▶ **PROBLEM**
Reproduce the material below line by line, beginning with its first line and ending with the line that contains "Refine everything! The"; leave out pictures.

▶ **RECORDED DATA**
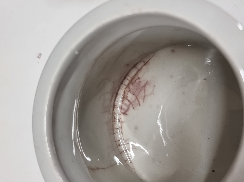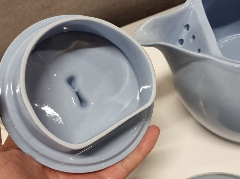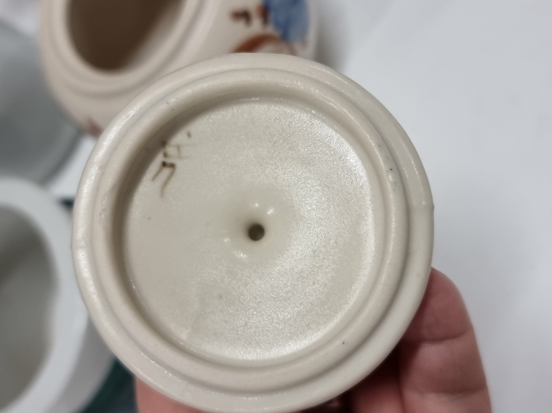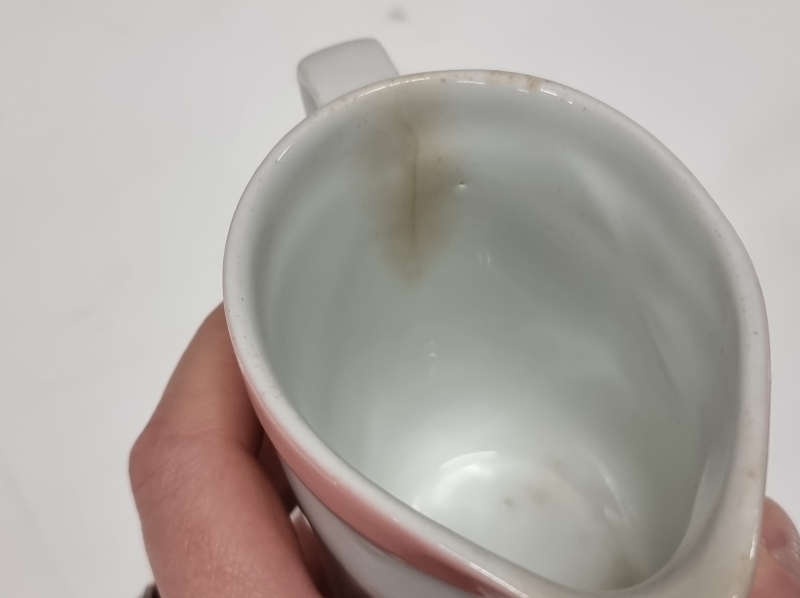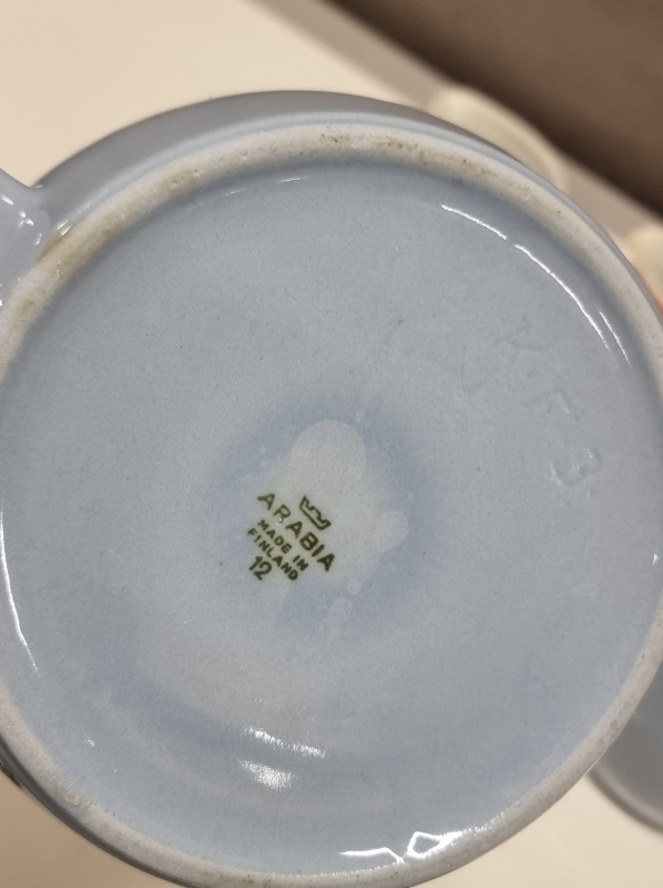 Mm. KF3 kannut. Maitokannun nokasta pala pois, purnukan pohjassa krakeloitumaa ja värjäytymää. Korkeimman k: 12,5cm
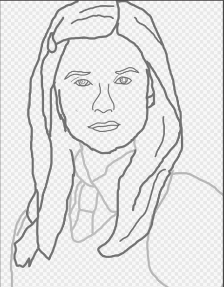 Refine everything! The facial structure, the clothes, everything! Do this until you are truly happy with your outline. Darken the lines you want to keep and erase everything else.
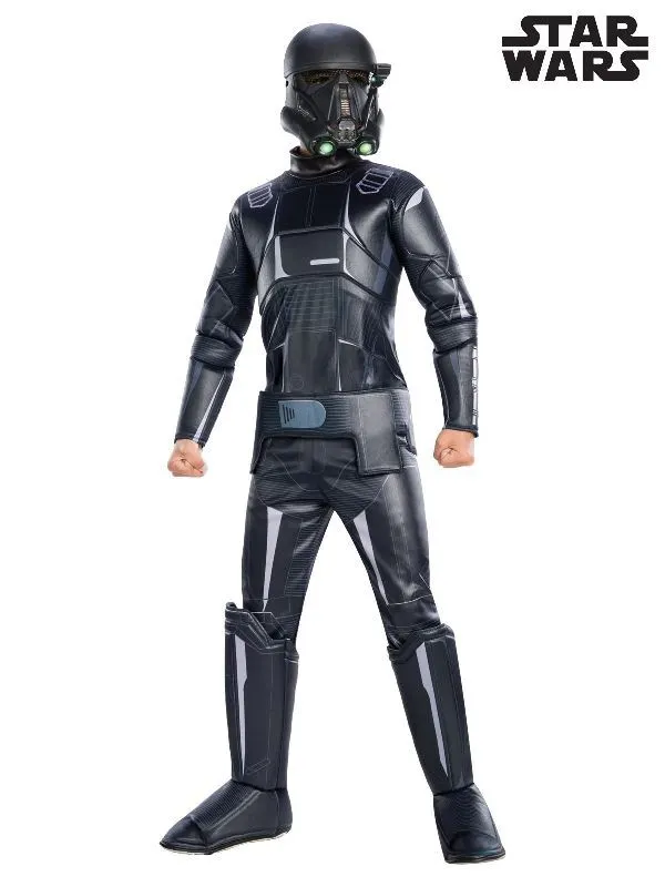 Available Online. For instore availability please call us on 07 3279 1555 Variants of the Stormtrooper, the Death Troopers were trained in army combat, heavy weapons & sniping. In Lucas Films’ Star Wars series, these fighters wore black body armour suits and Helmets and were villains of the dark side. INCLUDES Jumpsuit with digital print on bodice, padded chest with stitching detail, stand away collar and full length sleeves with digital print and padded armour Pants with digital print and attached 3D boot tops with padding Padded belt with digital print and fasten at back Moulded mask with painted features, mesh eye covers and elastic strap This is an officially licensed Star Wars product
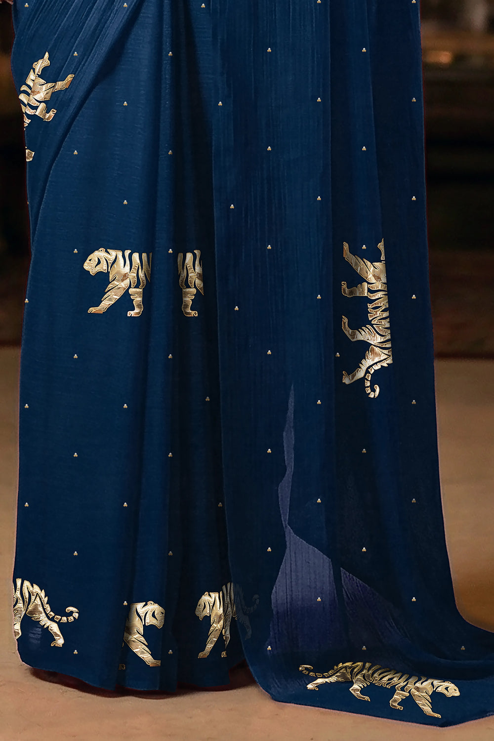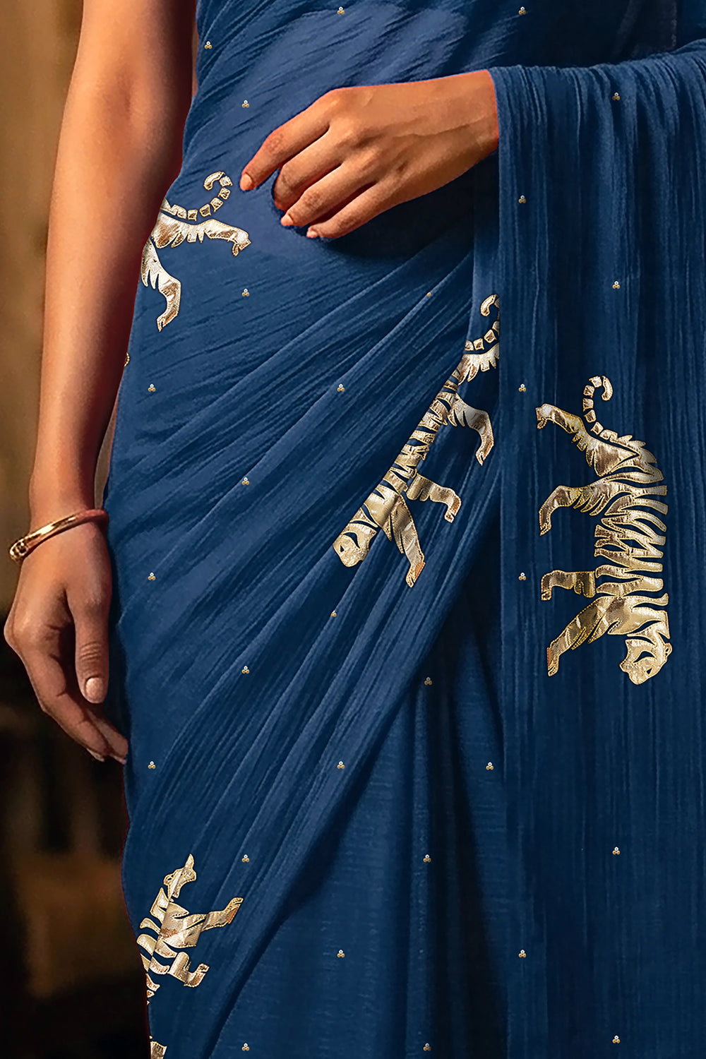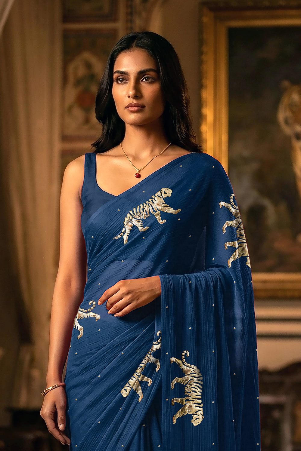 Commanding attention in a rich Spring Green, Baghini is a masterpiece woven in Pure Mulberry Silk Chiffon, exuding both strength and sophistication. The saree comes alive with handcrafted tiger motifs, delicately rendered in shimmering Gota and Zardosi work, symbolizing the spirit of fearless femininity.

▶ **REPLY**
 Mm. KF3 kannut. Maitokannun nokasta pala pois, purnukan pohjassa krakeloitumaa ja värjäytymää. Korkeimman k: 12,5cm
 Refine everything! The facial structure, the clothes, everything! Do this until you are truly happy with your outline. Darken the lines you want to keep and erase everything else.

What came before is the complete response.